Старик поцокал языком, нахмурился и принялся кивать головой в такт своим мыслям. Догадки его оказались малоутешительными: если в таком безлюдном месте сошлось одновременно столько людей, значит, это не может быть случайностью. Оставалось только понять роль каждого из участников этой истории. Юдах опять представил себя на месте убийцы и его сообщника и пришел к выводу, что они, безусловно, пришли к ущелью, чтобы убить, а может быть, и ограбить. Был ли монах ограблен, не известно, зато совершенно очевидно, что он был убит, но вот пришел ли он сам в то место для того, чтобы быть убитым, - на этот вопрос Юдах затруднился ответить однозначно. Возможно, он и не предполагал, что будет убитым, но ведь от судьбы не уйдешь. Старый Юдах много повидал в этой жизни, и прекрасно знал, что судьба каждого человека предопределена Всевышним. В любом случае, монах шел к ущелью не для того, чтобы помолиться. Да и не убивают за это. Когда-то он сам был грабителем и убийцей, - поэтому, не исключено, что он всю свою жизнь шел к этому ущелью. Значит, так ему было предначертано.

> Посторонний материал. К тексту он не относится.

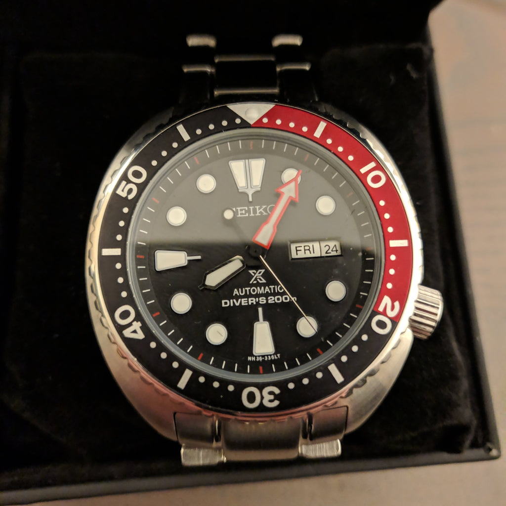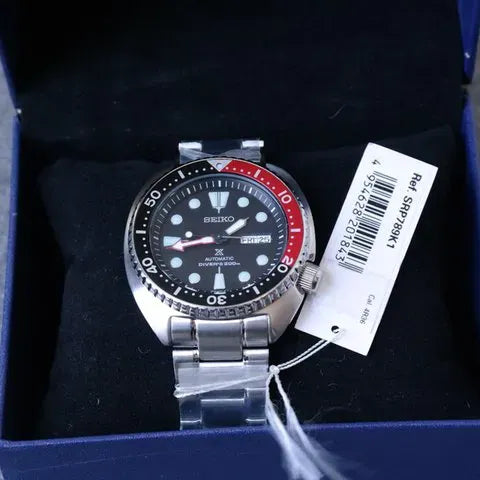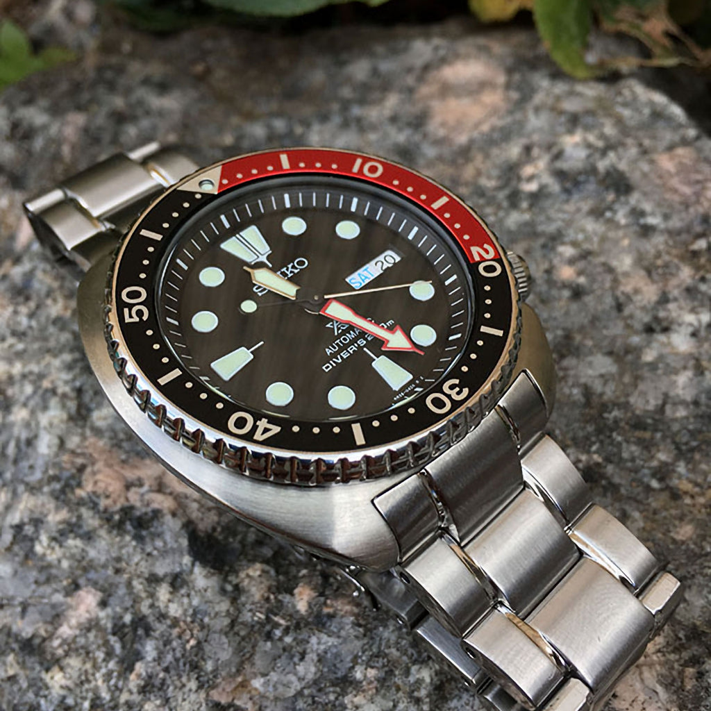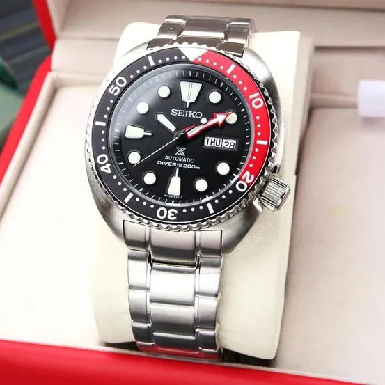 Designed with the diver in mind, the Turtle's iconic cushion case offers exceptional wrist presence and durability. The unidirectional rotating bezel ensures precise dive timing, while the screw-down crown provides enhanced water resistance. At home on the wrist or in the depths, this Seiko combines Japanese craftsmanship with timeless design. Perfect for watch enthusiasts and professional divers alike, the Prospex Turtle represents exceptional value in the automatic dive watch category.
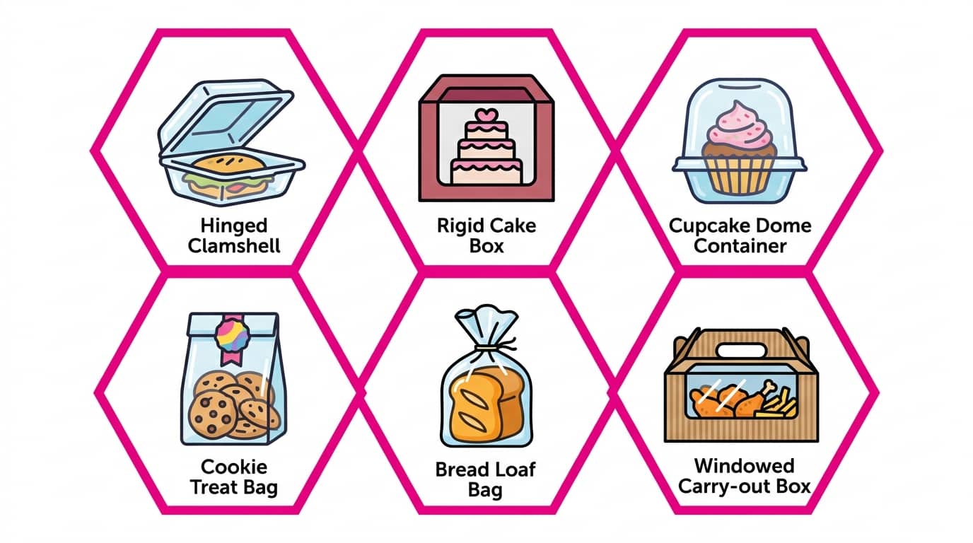 Direct Answer: Six formats cover most bakeries: hinged clamshells, rigid boxes, cupcake containers, treat bags, bread bags, and windowed carry-out boxes.
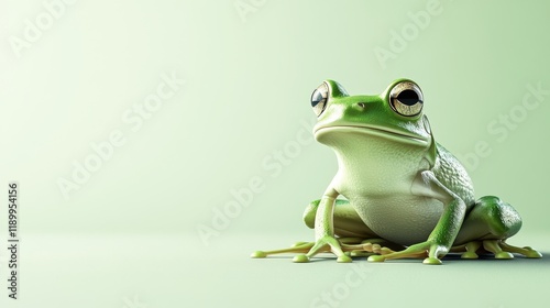 A Close-Up View of a Vibrant Green Tree Frog Sitting on a Pale Green Background, a Captivating 3D Render
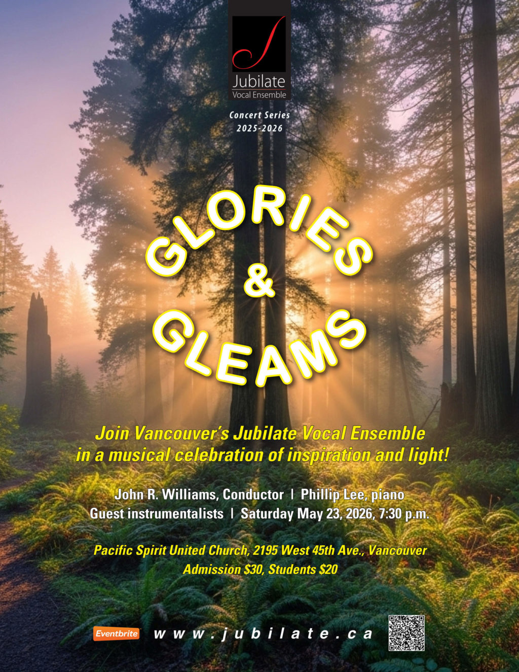What better way to celebrate a Saturday evening in late May than immersed in the soaring harmonies of light and hope? Vancouver’s Jubilate Vocal Ensemble is thrilled to present Glories & Gleams, a stirring collection of choral arrangements spanning a gamut of genres: from lively pop pieces by British balladeers Elton John, Ed Sheeran and young phenom Jacob Collier to Canadian and Scottish folk songs – and two pieces by choral superstar Eric Whitacre. The concert title is plucked from the poetry of Marjorie Pickthall’s After the Wind, which is hauntingly set to music by composer Nicholas Ryan Kelly. Compiled and directed by JVE Conductor John R. Williams, the free-ranging program is sure to engage the ears and hearts of music lovers of all ages and tastes.
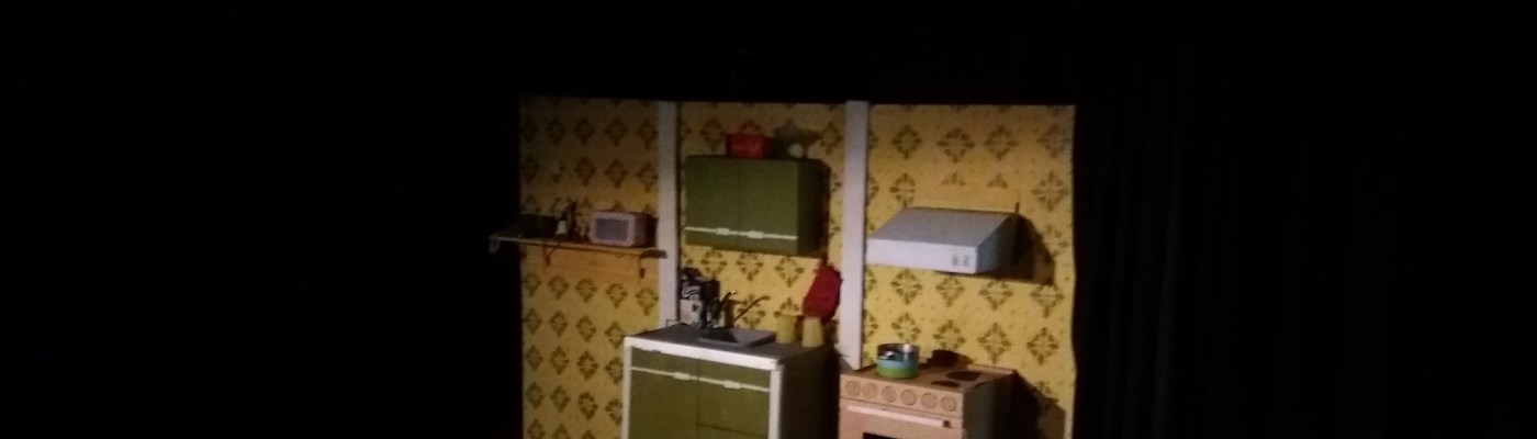 Lavastuksessa on mainiota simppeliyttä ja hienosti on mietitty monikäyttöiset kalusteet, jotka muuntuvat pienellä vaivalla kodista palvelukodin tiloiksi. Erityisen ilahduttavana pidin vanhahtavaa keittiötä, josta tuli kivalla ja lämpöisellä tavalla lapsuus ja mummola mieleen. Musiikki ja äänet ovat tärkeässä tukevassa roolissa esityksen rakentamisessa, koska puhetta ei luonnollisestikaan kokonaamioilla tehtävässä naamioteatterissa ole. Liike ja keho ylipäätään onkin tärkeä ilmaisukeino esityksessä. On ihana seurata, miten erilaisia kehonkieliä eri hahmoille on luotu. Jokaisella on oma tunnistettava tapansa liikkua ja olla. Herkullisin pieni kohtaaminen ja kehonkielellinen leikki nähdään Erkin toisen pojan ja palvelutalon hoitajan välillä. Ihanan tunnistettava ihastuksen hetki. Palvelukeskuksen mummothan ovat ihan mahtavia. Jotenkin hämmennyin siitä, kun näin lapsuuteni noita-akkahahmon lavalla ihan ilmielävänä. Aivan mahtava naamio ja puvustus. Muutenkin naamiothan tekevät myös paljon hahmoille ja erityisesti tykkään ilmeikkäämmistä naamioista, joita Erkki, hänen poikansa sekä palvelukeskuksen hoitajat ja naapurit käyttävät. Niissä on sellainen hieno puoli että tosi pienellä asennon muutamisella naamion ilme muuttuu. Hirveän hauskoja ovat myös vähän pelkistetymmin maalatut naamiot, joita osalla hahmoista on. Ihan huikeat ovat tosiaan palvelukeskuksen mummojen naamiot, joista on rakentunut tosi hauskat tyypit.
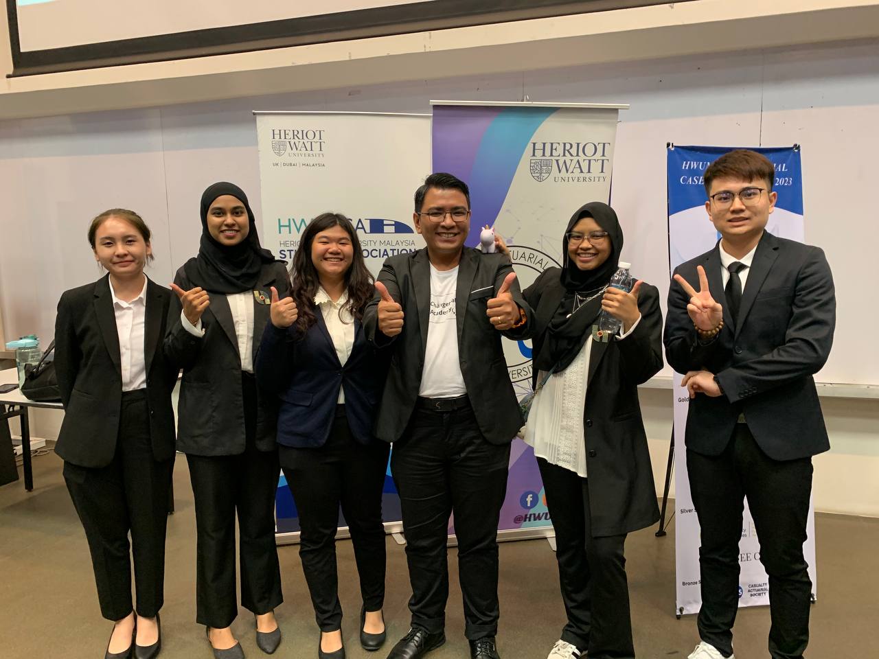 A group of students consisting of Celestie Liew Huey Yin from the Faculty of Management (FOM), Lee Wen Xin, Tay Chang Jun, Nurfirzana Mohd Izat, and Nurul Hasnah Ibrahim from the Faculty of Business (FOB) qualified for the grand final round of Heriot-Watt University Malaysia Society of Actuarial Science (HWUMSAS) Case Competition 2023. The final round was held at Heriot-Watt University Malaysia on 29 March 2023.
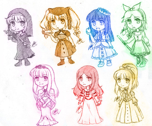 Designed some lolita dresses for friends' EfN characters (even though most of them probably won't be caught dead wearing those lolol )I tried to mirror the dresses off of their original outfits IT WAS FUN.
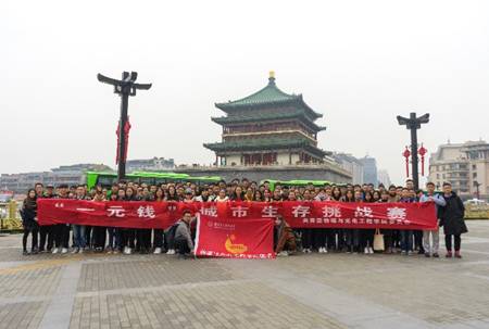 (通讯员:仵梦童)挑战自我,助力彩协,放飞希望。为响应习近平总书记在“十九大”中提出对“2020全面脱贫”的要求,同时锻炼老员工生存能力,提高他们的社会适应性,11月12日,由共青团物理与英国上市公司365委员会承办的“一元钱城市生存挑战赛”在西安市钟楼商业区正式拉开帷幕。通过本次活动,将筹集的资金部分捐赠给“彩云协会”,用于为云南省昭通市镇雄县常院小学的员工购置书架等学习用品,为山区脱贫贡献一份力量。本次活动有来自各公司的14支队伍共56名员工参加比赛。参赛的所有同学用仅有的一元钱,与工作人员们一起从钟楼出发,走向社会,切实地感受来自生活中方方面面的挑战。
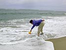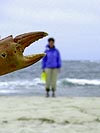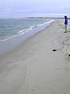 our second destination took us to chatham, to the chatham light beach. the beach sits on the southern tip of a large sandbar known as the cape cod national seashore. a sign posted at the entrance alerts beachgoers not to disturb any marine mammals that might be using the beach (we didn't see any). it was a cold and overcasted day, not much for sunbathing, not much for swimming, so julie and i just walked down a length of shoreline, tossing a wiffle ball with the jai alai paddles she had purchased from cvs. midway through i took off my socks and shoes and rolled up my jeans so i could get ankle deep in the atlantic ocean. cold! but at least i've fullfilled a dream i've had since wrapping up my project at work, that i would go to the beach, rain or shine. walking back, i found somebody's lost silver necklace in the sand, a little cape cod souvenir.
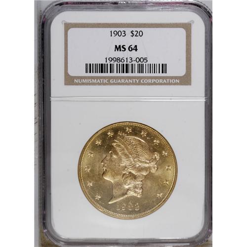 1903 $20 MS64 NGC. The fields have hints of reflectivi
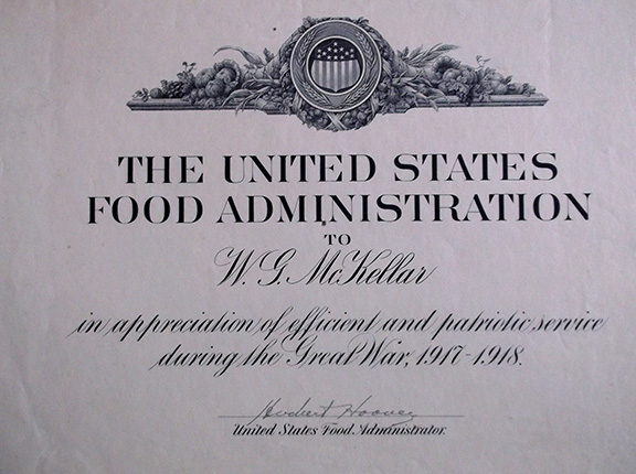 HOOVER, Herbert (1874-1964). 32nd president of the United States (1929-1933). He was appointed by President Wilson the U.S. Food administrator on may 19, 1917. Very attractive partly printed document signed circa 1918-1919. Large engraved vignette across the top on assorted fruits and vegetables. The U.S. Food administrator to W.G. McKeller in appreciation of efficient and patriotic service during The Great War (1917-1918). Signed by Herbert Hoover. Ideal for exhibition. Hoover is very scarce in signed documents and this is a very early full signature of Hoover................................ $450.00
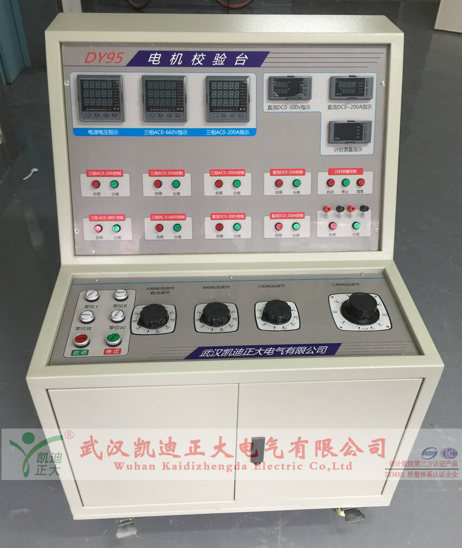 1、DY95電機(jī)校驗(yàn)臺(tái)用于高低壓開(kāi)關(guān)柜生產(chǎn)廠家對(duì)所生產(chǎn)的高低壓開(kāi)關(guān)柜進(jìn)行出廠前的各項(xiàng)通電試驗(yàn)。它能提供各種交、直流電源,便于對(duì)開(kāi)關(guān)柜的檢測(cè),提高工作效率。
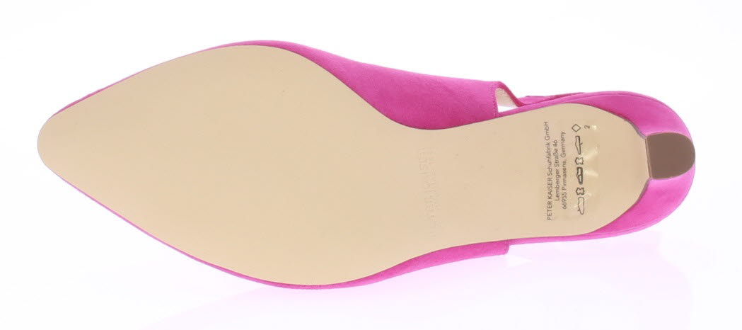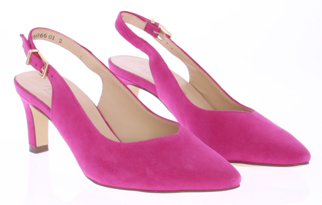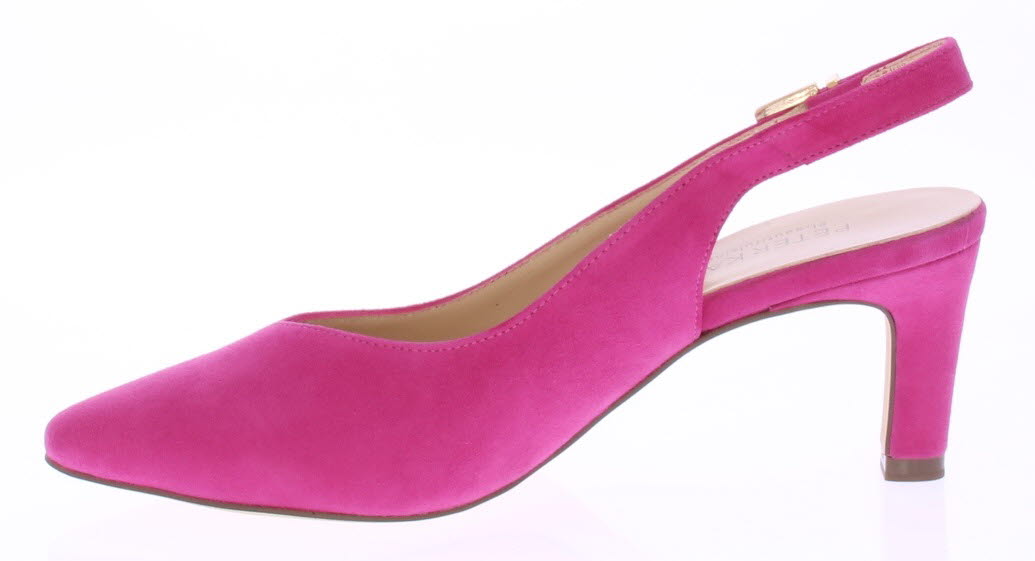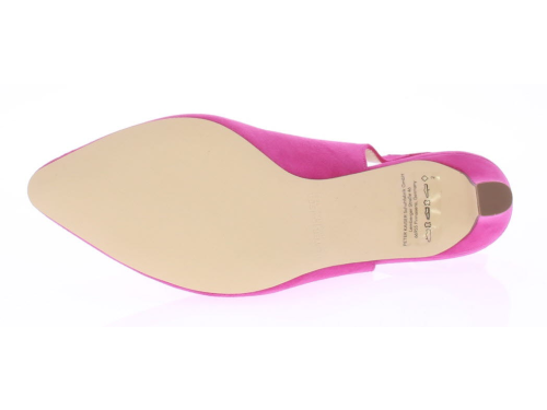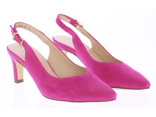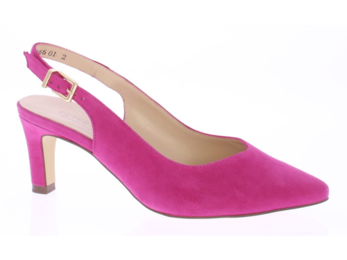 Fuxia suède dames slingback van Peter Kaiser. De schoen heeft een 6 cm hak. Het bandje is verstelbaar met een gespje en de schoen heeft een mooie elegante V-uitsnijding.
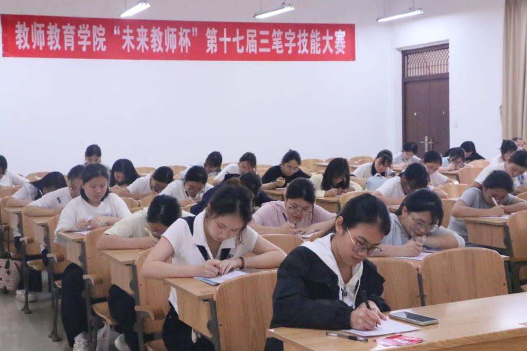 4月8日下午,教师教育学院在弘毅楼和求知楼教室举行了“未来教师杯”第十七届三笔字技能大赛。学院领导班子到场指导,共有500余人次报名参赛。
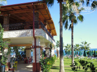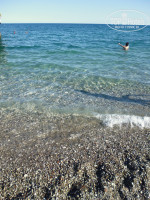 Теперь о хорошем. Главный плюс отеля –это его расположение на берегу моря. Правда, полоска пляжа весьма узкая, часть лежаков располагается на бетонной террасе и на отельном газоне. 2 лежака вместе нам не попалось ни разу, приходилось выискивать и перетаскивать, а один раз пришлось обосноваться на отшибе на ничейной территории (рядом с отелем есть недострой). И к 17:00 весь пляж уже в тени. Море чистейшее. Метра на 4 вниз видно дно и мелких рыбок, которых можно прикармливать хлебом. Единственное, не очень удобный заход в море, т.к. мелкая галька , а следом за ней камни покрупнее весьма ощутимы для голых пяток. А также метра 2 от берега спуск плавный, а дальше резко глубоко. Также можно попасть в море с лестницы на пирсе.
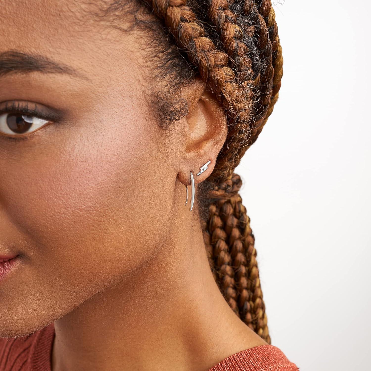Amazon Essentials 14K Gold or Rhodium Plated Stud Earrings Set of 2(Silver)

Свою роль в этой истории Юдах Апотекер определил очень легко: он - старый еврей, всю свою жизнь занимавшийся врачеванием, и в этом ущелье оказался тоже не случайно, а потому, что лечит местных жителей от поноса. Об этом все знают, но разве за это убивают? Ведь его рецепты от поноса - наибольшее зло, которое он причинил людям в этой жизни. А вот за то, что он стал свидетелем убийства, могут убить, - стало быть, он нечаянный свидетель убийства. Установить роль мальчика было сложнее: он тоже оказался в этом ущелье не случайно. Моше стал сиротой и возвращался в город, где убили его отца. О том, какой дорогой он идет, тоже знали многие, но кто мог желать смерти этого невинного юноши?
Старик оборвал на этом свои мысли, посмотрел на Моше и снова ласково потрепал его по голове. Тот, в эту самую минуту, думал о том же. Он, в который уже раз, спрашивал у Всевышнего, за что на его бедную голову обрушилось сразу столько испытаний?